‘Night School’ and ‘Smallfoot’ lead family-friendly box office
Family-friendly movies dominated the box office this weekend as three of the top five films boasted a PG or PG-13 rating.
Universal’s PG-13 comedy “Night School” opened in first place with $28 million, according to figures from measurement firm ComScore.
The film, which was expected to earn from $25 million to $30 million, is the year’s biggest comedy opener, handily topping “Blockers’” $20-million opening in April. The movie’s opening marks a rare success for comedy, which has struggled to perform in recent years.
“We’re really proud of that,” said Jim Orr, the studio’s distribution chief. “We’ve had the last three largest original comedy debuts out there and it’s not an easy thing to do. Comedy is going to be tricky and so great filmmakers, great marketing, great release strategy [is why] we’re able to enjoy that kind of success.”
Starring Kevin Hart and Tiffany Haddish, “Night School” follows a class of misfits determined to get their GEDs. It earned mixed reviews from audiences and critics with an A- rating on CinemaScore and a 31% “rotten” rating on review aggregation site Rotten Tomatoes.
“It is very funny and of course the two stars on it could not be hotter right now,” said Orr. “Kevin Hart and Tiffany Haddish are just as hot as it gets in comedy and entertainment period around the world. So we’re obviously thrilled to be in business with them.”

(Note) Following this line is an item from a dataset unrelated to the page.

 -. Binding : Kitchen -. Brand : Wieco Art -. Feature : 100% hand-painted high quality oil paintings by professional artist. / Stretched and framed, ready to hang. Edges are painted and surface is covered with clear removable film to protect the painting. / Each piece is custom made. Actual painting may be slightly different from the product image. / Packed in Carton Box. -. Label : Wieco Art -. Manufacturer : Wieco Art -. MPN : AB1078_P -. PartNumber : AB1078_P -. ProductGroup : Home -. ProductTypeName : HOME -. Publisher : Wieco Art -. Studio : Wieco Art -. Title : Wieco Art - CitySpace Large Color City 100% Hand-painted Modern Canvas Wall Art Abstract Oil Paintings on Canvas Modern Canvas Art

In second place, Warner Bros.’ computer-animated “Smallfoot” came in a little soft with $23 million, below analysts’ predictions of $25 million to $30 million.
The $80-million film follows a Yeti who forges an unlikely friendship with a human. It earned positive reviews with audiences and critics with an A- rating on CinemaScore and a 69% “fresh” rating on Rotten Tomatoes.

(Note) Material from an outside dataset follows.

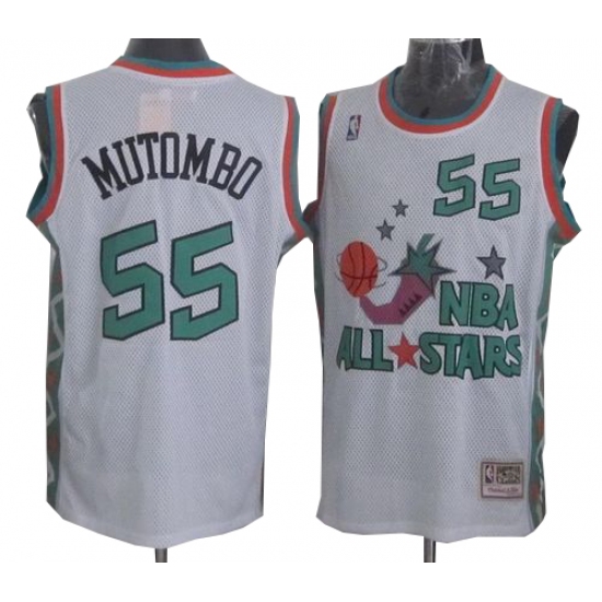 Home>NBA>Denver Nuggets>Dikembe Mutombo>Men's Mitchell and Ness Denver Nuggets #55 Dikembe Mutombo Swingman White 1996 All Star Throwback NBA Jersey

In third place, Universal’s “The House With a Clock in Its Walls” added $12.5 million in its second weekend for a cumulative $44.8 million.
Lionsgate’s “A Simple Favor” came in at No. 4, adding $6.6 million in its third weekend for a cumulative $43 million.

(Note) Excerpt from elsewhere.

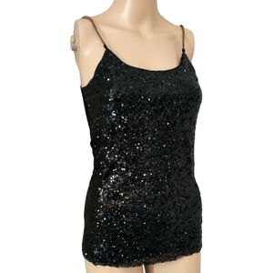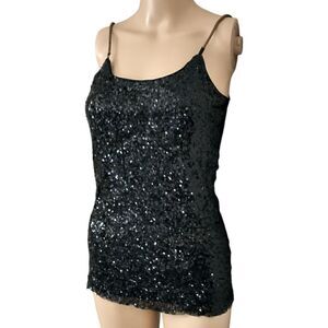 Y2K Sequin Fitted Top Chain Straps S Mesh Back Semi Sheer Black Sleeveless Disco. Condition is pre-owned and vintage early 2000s. The front is fully encrusted with sequins. The back is all mesh. The straps are chains... have some wear. The bottom is a raw edge. No stretch. No material or size tag. PLEASE SEE MEASUREMENTS!!

Rounding out the top five, Warner Bros.’ “The Nun” added $5.4 million in its third weekend for a cumulative $109 million.
Also new this week, Lionsgate’s horror thriller “Hell Fest” opened at No. 6 with $5 million.
The low-budget slasher flick, also from CBS Films, is about a masked killer who stalks a traveling horror carnival. “Hell Fest,” which cost $5.5 million to produce, came in within range of analysts predictions of $5 million to $7 million. It was unfavorably reviewed with a C rating on CinemaScore and a 37% “rotten” rating on Rotten Tomatoes.
Pinnacle Peak’s drama “Little Women” opened in 643 locations with $747,000 (a per-screen average of $1,162) well below analyst predictions of $4 million. Directed by Clare Niederpruem, the film earned a 35% “rotten” rating on Rotten Tomatoes.
In limited release, National Geographic’s “Free Solo” earned $304,804 in four theaters for an impressive per-theater average of $75,201, the highest opening-per-theater average of 2018 and the best-ever opening average for a documentary, besting Sony Pictures Classics’ “Across the Sea of Time” ($71,961 per-theater), the previous record holder for an IMAX title. (Paramount Classics’ “An Inconvenient Truth” was the previous non-IMAX record holder with an opening per-theater average of $70,333.) “Free Solo,” about free soloist climber Alex Honnold, earned a 100% “fresh” rating on Rotten Tomatoes.
Fox Searchlight’s “The Old Man & the Gun” opened in five theaters with $150,000 for an impressive per-screen average of $30,000. Starring Robert Redford, the film is based on the true story of Forrest Tucker’s escape from San Quentin at the age of 70. It earned an 88% “fresh” rating on Rotten Tomatoes.
This coming week, Warner Bros. premieres “A Star Is Born” and Sony reveals the action-horror film “Venom.” Fox opens the crime drama “The Hate U Give” in limited release.